James Bittner

Personal information
- Full name: James Mark Bittner
- Date of birth: 2 February 1982 (age 43)
- Place of birth: Devizes, England
- Position(s): Goalkeeper

Team information
- Current team: Bristol Rovers (goalkeeping coach)

Youth career
- 1995–2000: Swindon Town

Senior career*
- Years: Team / Apps / (Gls)
- 2000–2002: Fulham / 0 / (0)
- 2002: Bournemouth / 0 / (0)
- 2003: Queens Park Rangers / 0 / (0)
- 2003–2005: Exeter City / 42 / (0)
- 2005–2006: Torquay United / 0 / (0)
- 2006–2007: Woking / 12 / (0)
- 2007–2010: Salisbury City / 86 / (0)
- 2008: → Chippenham Town (loan) / 5 / (0)
- 2010–2012: Forest Green Rovers / 66 / (0)
- 2012–2013: Hereford United / 34 / (0)
- 2013: Newport County / 0 / (0)
- 2013–2014: Salisbury City / 7 / (0)
- 2014–2016: Plymouth Argyle / 2 / (0)
- 2016–2018: Newport County / 2 / (0)
- Total:  / 256 / (0)

Managerial career
- 2016: Newport County (joint caretaker)

= James Bittner =

English footballer

James Mark Bittner (born 2 February 1982) is an English former professional footballer who played as a goalkeeper.
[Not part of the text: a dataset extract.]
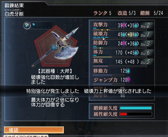 現在使用回数稼ぎしてる大斧の破壊が削れたので、鍛錬してみたら…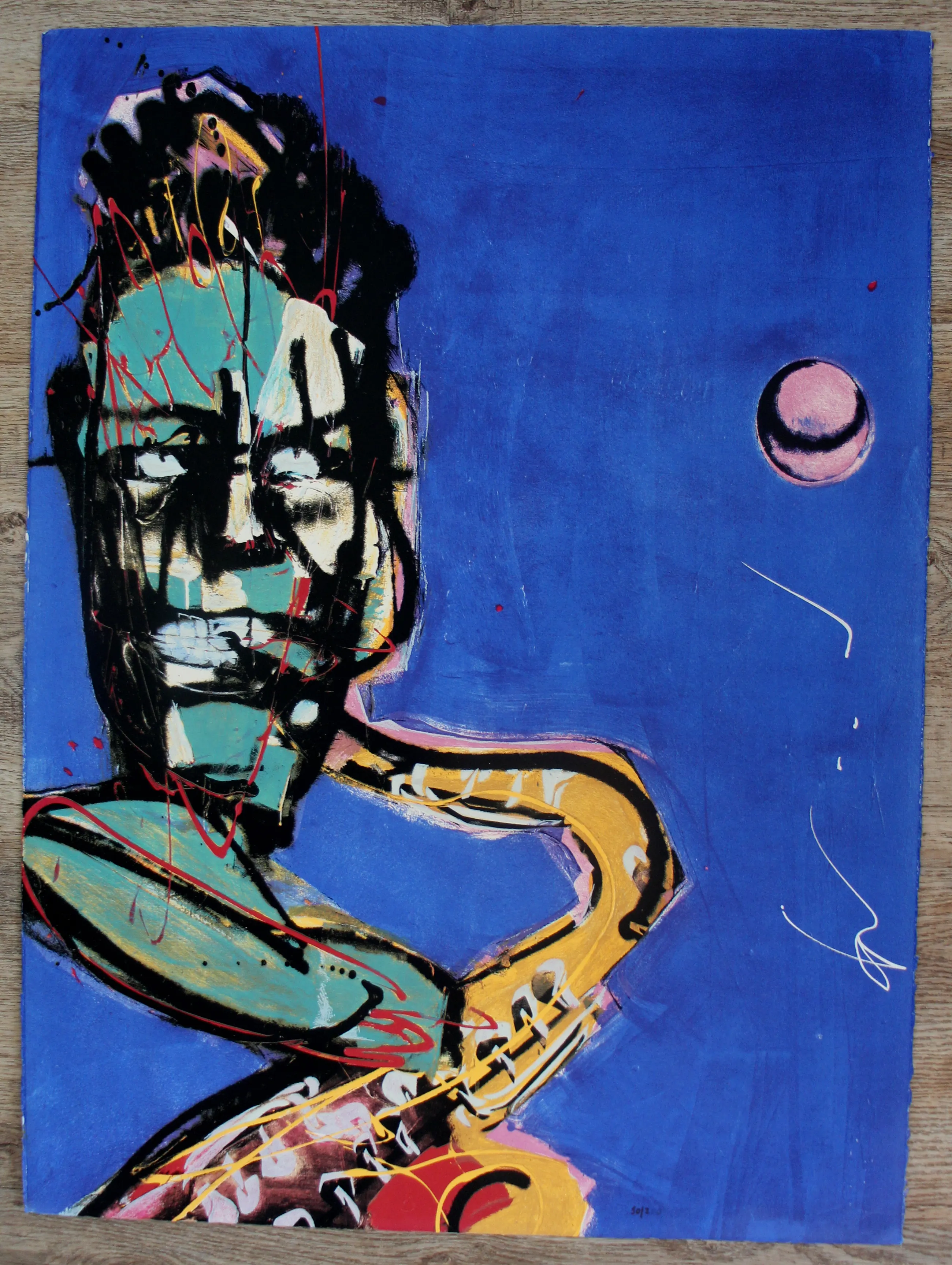 Zeefdruk van Herman Brood. Titel: Het Bandje ( de saxofonist). Nummer: 50/250. Jaar: 1990. Afmetingen blad: H76 x b56cm. Het werk is rechtsonder gesigneerd door de kunstenaar. Deze zeefdruk is uitgegeven door de Free Record Shop. De totale serie bestond uit 5 verschillende werken:

He is the goalkeeping coach at Bristol Rovers.

==Career==
Bittner signed for Fulham in 2000 from Swindon Town by then manager Jean Tigana and spent two years at the club.

After spending time at Bournemouth and Queens Park Rangers he signed for Exeter City, playing 42 times for the club. This was then followed by two injury-plagued years at Torquay United and Woking.
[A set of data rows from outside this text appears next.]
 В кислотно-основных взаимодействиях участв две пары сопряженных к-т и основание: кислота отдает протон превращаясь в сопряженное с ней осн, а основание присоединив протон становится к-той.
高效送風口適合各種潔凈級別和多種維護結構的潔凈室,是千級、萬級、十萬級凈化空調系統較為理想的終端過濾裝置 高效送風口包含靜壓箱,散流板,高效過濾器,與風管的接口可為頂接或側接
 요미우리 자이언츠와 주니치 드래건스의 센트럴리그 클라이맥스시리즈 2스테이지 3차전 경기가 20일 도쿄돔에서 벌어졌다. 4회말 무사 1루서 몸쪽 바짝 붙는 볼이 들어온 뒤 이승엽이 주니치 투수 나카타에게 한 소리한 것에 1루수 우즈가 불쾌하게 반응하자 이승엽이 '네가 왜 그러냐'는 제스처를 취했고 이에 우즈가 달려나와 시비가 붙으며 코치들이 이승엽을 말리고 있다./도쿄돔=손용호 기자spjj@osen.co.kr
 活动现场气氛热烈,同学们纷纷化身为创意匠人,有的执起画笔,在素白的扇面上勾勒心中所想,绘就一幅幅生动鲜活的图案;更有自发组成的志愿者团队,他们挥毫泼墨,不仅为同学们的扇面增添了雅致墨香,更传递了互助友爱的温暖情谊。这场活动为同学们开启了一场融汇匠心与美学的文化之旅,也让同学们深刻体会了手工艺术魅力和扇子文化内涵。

After recovering from a long-term shoulder injury Bittner then joined Salisbury City in 2007. He played 86 games in three seasons at the club. He was loaned out to Chippenham Town for a month in September 2007 for a month after recovering from a broken finger.
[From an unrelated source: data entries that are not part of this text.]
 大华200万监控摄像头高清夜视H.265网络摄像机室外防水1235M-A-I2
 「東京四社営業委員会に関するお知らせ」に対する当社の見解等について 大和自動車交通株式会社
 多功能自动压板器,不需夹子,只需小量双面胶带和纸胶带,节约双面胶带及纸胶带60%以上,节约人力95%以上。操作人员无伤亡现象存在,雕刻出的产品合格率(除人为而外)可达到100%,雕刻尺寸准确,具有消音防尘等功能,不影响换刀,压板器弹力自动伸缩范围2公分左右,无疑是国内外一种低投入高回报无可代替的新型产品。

Bittner joined Forest Green Rovers in 2010 and was awarded with the Supporters Player of the Season trophy for his performances in his first season at The New Lawn. In May 2011, Bittner signed a new contract until the summer of 2013. He stated after signing the new contract: "I had a couple of offers but there was no chance of me leaving. The club is financially sound now and with the gaffer (Dave Hockaday) and the chairman (Dale Vince) on board – the future is really bright." Manager Hockaday added: "James is as good as there is in the league and I am delighted to have him on board."

Bittner left for Hereford United in 2012, making 42 appearances, before joining Newport County on a short-term contract. After leaving Newport, he returned to Salisbury for a second spell as player coach.

Bittner signed for Plymouth Argyle in July 2014 as second-choice goalkeeper behind Luke McCormick. Bittner made his Plymouth Argyle debut on 24 January 2015, replacing the injured McCormick at half time. The match ended in a 1–1 draw.

In July 2015 Bittner signed a new player/coach contract with Plymouth Argyle after agreeing to take the role of the club's new goalkeeper coach under new manager Derek Adams.

On 16 June 2016, Bittner re-joined Newport County as goalkeeper player/coach under manager Warren Feeney. When Feeney and his assistant manager Andy Todd were sacked on 28 September 2016, Bittner and fellow first team coach Sean McCarthy were named joint caretaker managers. Their only matches in charge were a 2–1 home defeat against Swansea City Under-23s in the EFL Trophy fixture on 4 October and a League Two 0–0 draw versus Colchester United on 8 October. Graham Westley was appointed team manager effective from 10 October 2016 with Dino Maamria his assistant manager and Mccarthy released by the club. Bittner made his debut for Newport County on 22 October versus Plymouth Argyle replacing Joe Day in the 36th minute when Day was sent off. Plymouth won the match 3–1 In June 2017 Bittner signed a one-year contract extension and he was released by Newport at the end of the 2017–18 season.

==Coaching career==
In July 2018 Bittner joined Reading as their under-23 goalkeeping coach. In October 2019 he was appointed the first-team goalkeeper coach of Reading. He then left the club in July 2022 after some changes were made to the coaching staff.

Bittner then joined Cheltenham Town as first team goalkeeper coach.

On 2 July 2024, Bittner followed former Cheltenham Town manager Darrell Clarke to Barnsley, joining the first-team coaching staff.

On 6 February 2025, Bittner joined fellow League One side Bristol Rovers as goalkeeping coach.